Extracted records:
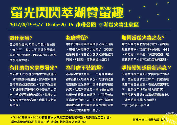 而目前螢火蟲復育三部曲地點,包括3月底已登場的大安森林公園螢火蟲率先開跑外,接著4月中旬木柵萃湖及榮星花園公園陸續均已出現。另外,富陽生態自然公園因地理位置,也有展螢光,想目睹都市賞螢,不妨來計劃一「夏」螢光之旅。
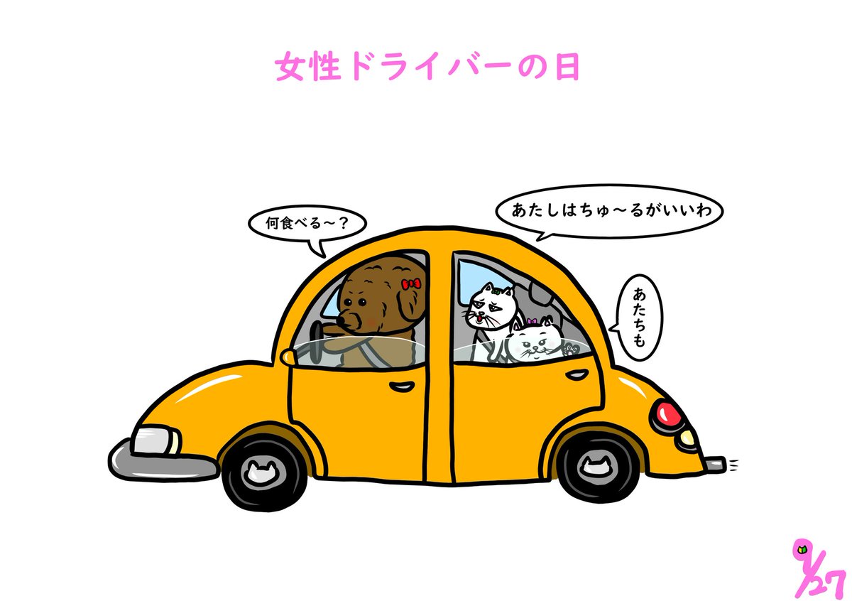 9/27は女性ドライバーの日。 これから紅葉のきれいな季節なのでドライブ行きたいな🍁 ✿LINEスタンプ販売中! 見にきてもらえるとうれしいです❤︎ store.line.me/stickershop/pr… #イラスト #LINEスタンプ #今日は何の日 #女性ドライバーの日 #ドライブいきたい
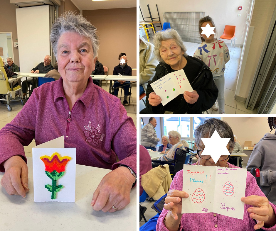 Une belle surprise attendait également les résidents : les enfants ont offerts, avec beaucoup de fierté, des petites cartes fabriquées en amont à l’Accueil de Loisirs sur le thème de Pâques. Ce geste attentionné a profondément touché de nombreux résidents, suscitant même quelques larmes de joie pour certains.
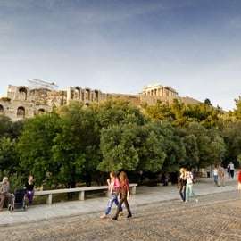 Alternatywnie możesz odwiedzić Starożytną Agorę, dobrze zachowaną agorę używaną do prowadzenia działalności religijnej, społecznej i kulturalnej w starożytnej Grecji. Agora obejmuje najlepiej zachowaną świątynię w Grecji, Świątynię Hefajstosa, a także Więzienie Sokratesa. Zakończ swoją przejażdżkę zjedzeniem Souvlaki w Plaka, najlepszej i najbardziej historycznej dzielnicy Aten.
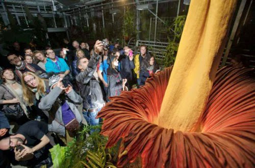 Աշխարհի ամենամեծ ծաղիկը՝ Տիտան Արումը (հսկայական Ամորֆոֆալուսը), ունի 2,27 մետր բարձրություն, դեղին վարսանդ և մուգ կարմիր թերթիկներ։ Ծաղկի պալարը կշռում է ավելի քան 13 կգ։ Բնական պայմաններում Ամորֆոֆալուսը ժամանակին աճել է միայն Սումատրա կղզում, սակայն փաստացի ոչնչացվել է տեղի բնակիչների կողմից, ովքեր ծաղիկն անվանել են «դիակային», «օձային արմավենի» եւ «վուդուների շուշան», իր տարօրինակ տեսքի, նաեւ` նողկալի հոտի համար: Ամբողջ աշխարհում Տիտան Արումի ծաղկումը ջերմոցային պայմաններում, տեղի է ունեցել 134 անգամ։ Այս անգամ այն ծաղկել է Շվեյցարիայի Բազել քաղաքում: Այս բույսի ծաղկումն առհասարակ բացառիկ իրադարձություն է, որը տեղի է ունենում 20-40 տարին մեկ` 2 օրվա ընթացքում։
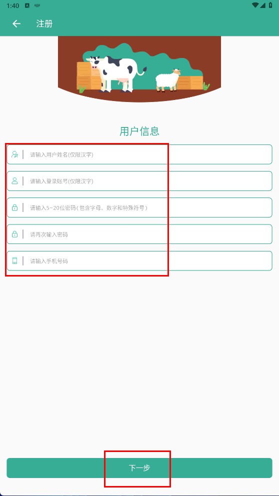 3、注册时,先填写用户信息(用户姓名、登录账号、密码、手机号码)后点击【下一步】。
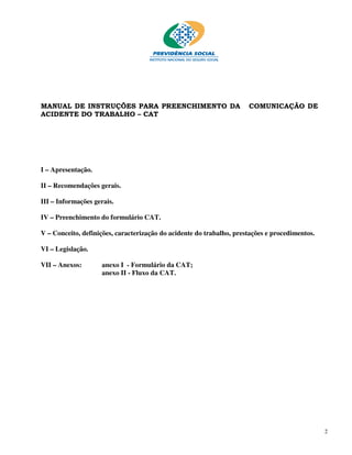 Este documento fornece instruções sobre o preenchimento do formulário de Comunicação de Acidente do Trabalho (CAT). Ele explica como preencher cada seção do formulário CAT, incluindo informações sobre o emissor, o acidentado, o acidente e as prestações. Além disso, fornece detalhes sobre quando e como comunicar acidentes, reaberturas e óbitos, dependendo do tipo de trabalhador.
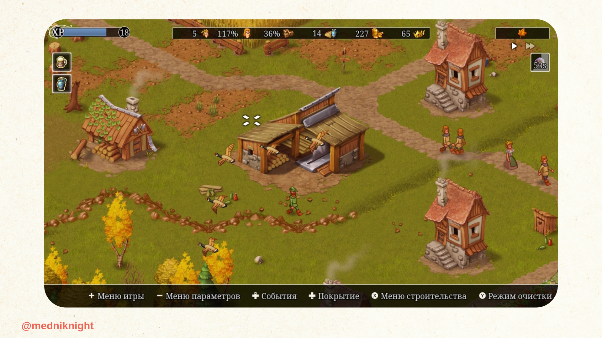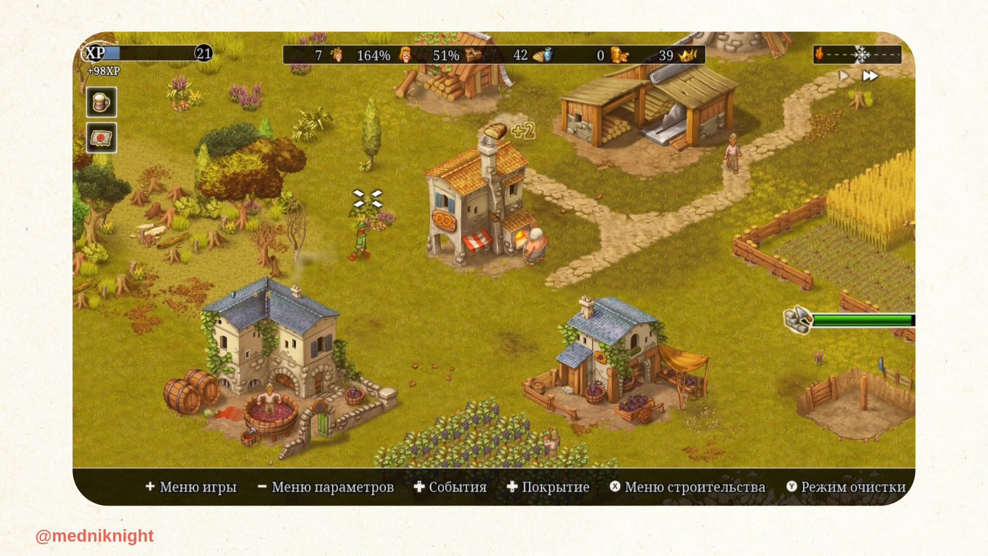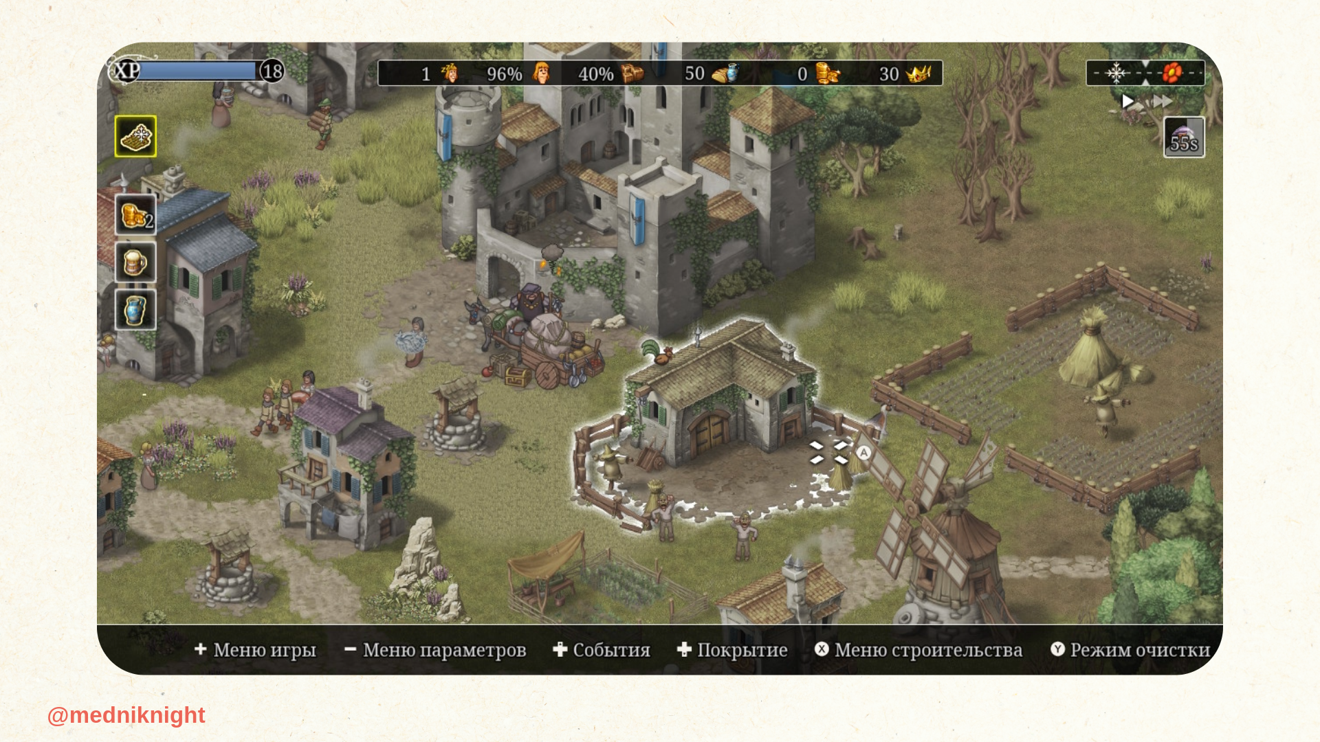 Я заново знакомился с Townsmen на Nintendo Switch и теперь считаю эту платформу наилучшей для проекта. Как пример, впервые игру на портативной консоли я запустил в поезде до всё того же Воронежа. Так незаметно пролетели несколько часов дороги, пока я проходил кампанию и баловался в бесконечном режиме.
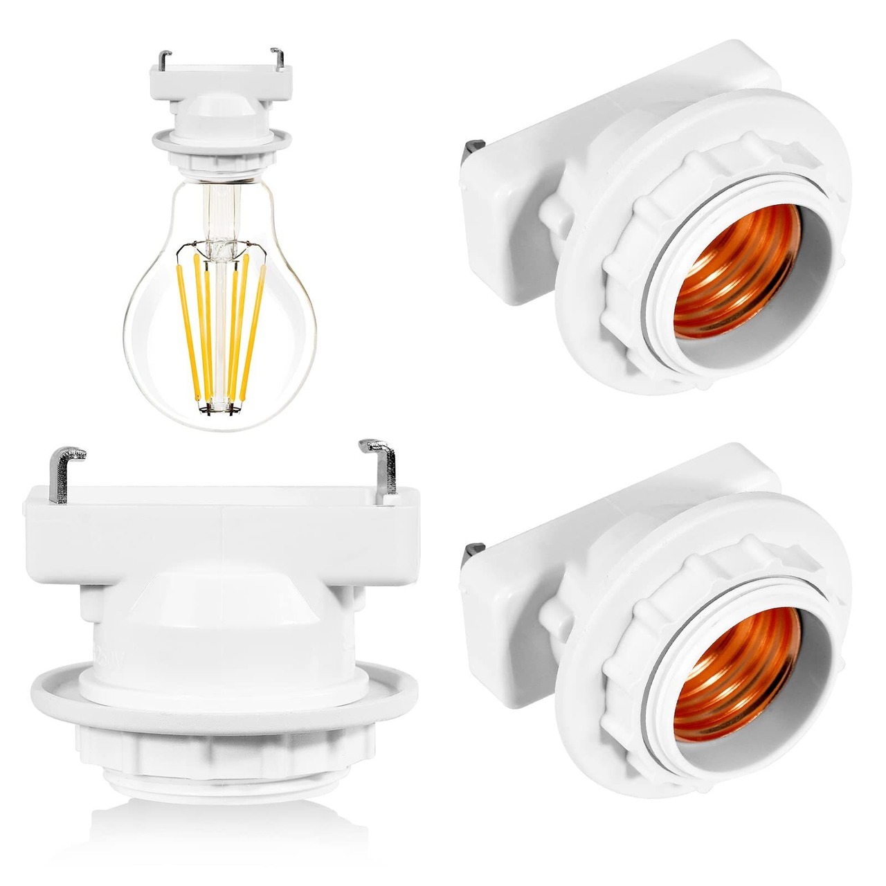 Aiwode 角型引掛けランプソケットE26口金、引掛シーリング用 電球ソケット ランプソケット、led対応 ペンダントライト、工事不要 取り付け簡単、PSE認証(白い、3個入り)
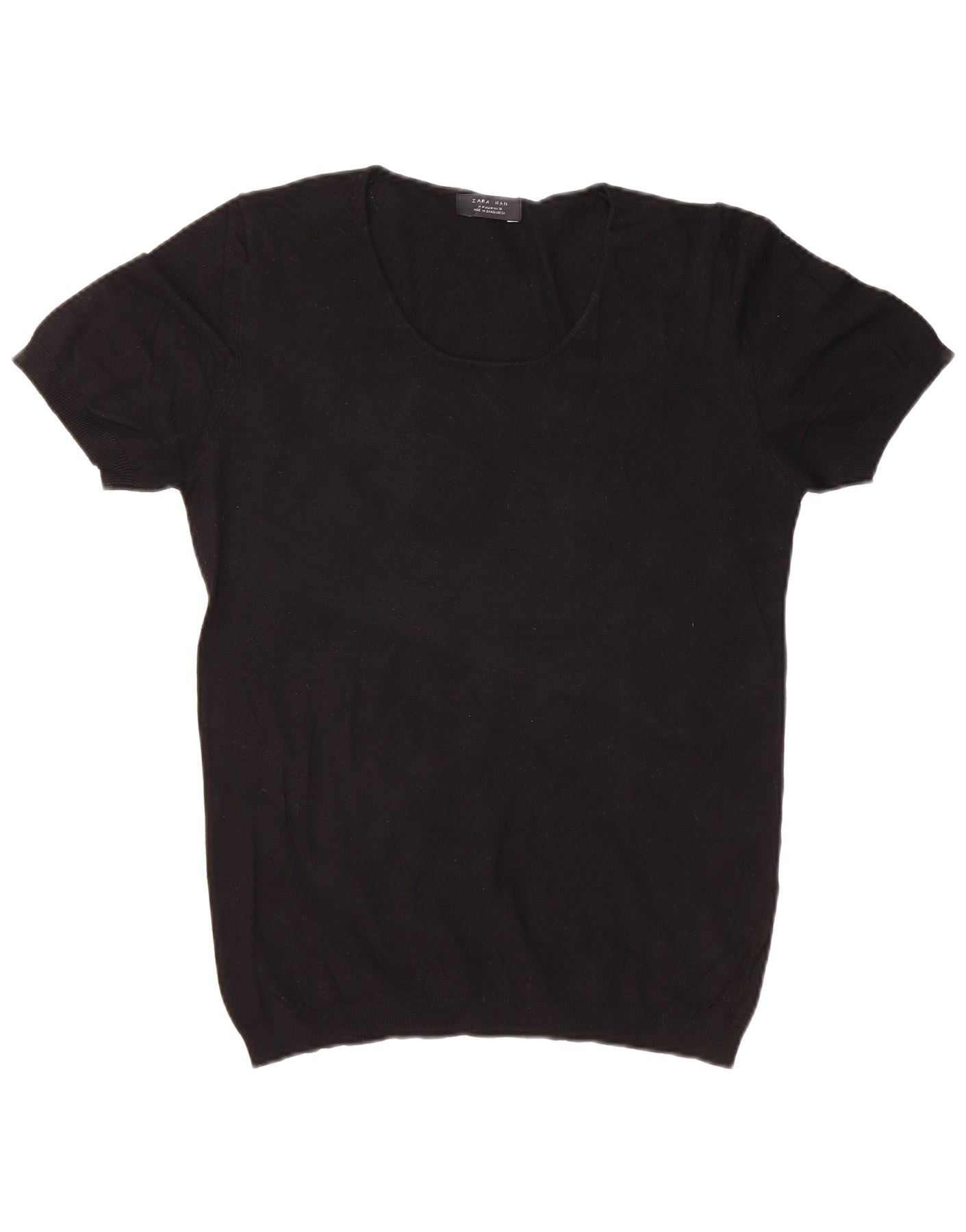Męski sweter ZARA z krótkim rękawem i dekoltem w łódkę, średni czarny
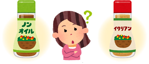 “ノンオイル”のドレッシングは、脂質が入っていないドレッシングです(既製品のドレッシングの場合は表示を見ればわかります)。特別の場合を除き、油を無理に避ける必要もありませんが、例えば油を使った料理が多い食事ではノンオイルタイプを使うようにしたり、食事から就寝までの時間が短いときに少しでも消化時間を短くするためにノンオイルタイプを使うようにするのもよいと思います。

• **Work item**:
Please output exactly the lines from the line containing "Aiwode 角型引掛けランプソケットE26口金、引掛シーリング用 電球ソケット" through the last line of the records above, both included, and leave out any pictures.

• **Your response**:
 Aiwode 角型引掛けランプソケットE26口金、引掛シーリング用 電球ソケット ランプソケット、led対応 ペンダントライト、工事不要 取り付け簡単、PSE認証(白い、3個入り)
Męski sweter ZARA z krótkim rękawem i dekoltem w łódkę, średni czarny
 “ノンオイル”のドレッシングは、脂質が入っていないドレッシングです(既製品のドレッシングの場合は表示を見ればわかります)。特別の場合を除き、油を無理に避ける必要もありませんが、例えば油を使った料理が多い食事ではノンオイルタイプを使うようにしたり、食事から就寝までの時間が短いときに少しでも消化時間を短くするためにノンオイルタイプを使うようにするのもよいと思います。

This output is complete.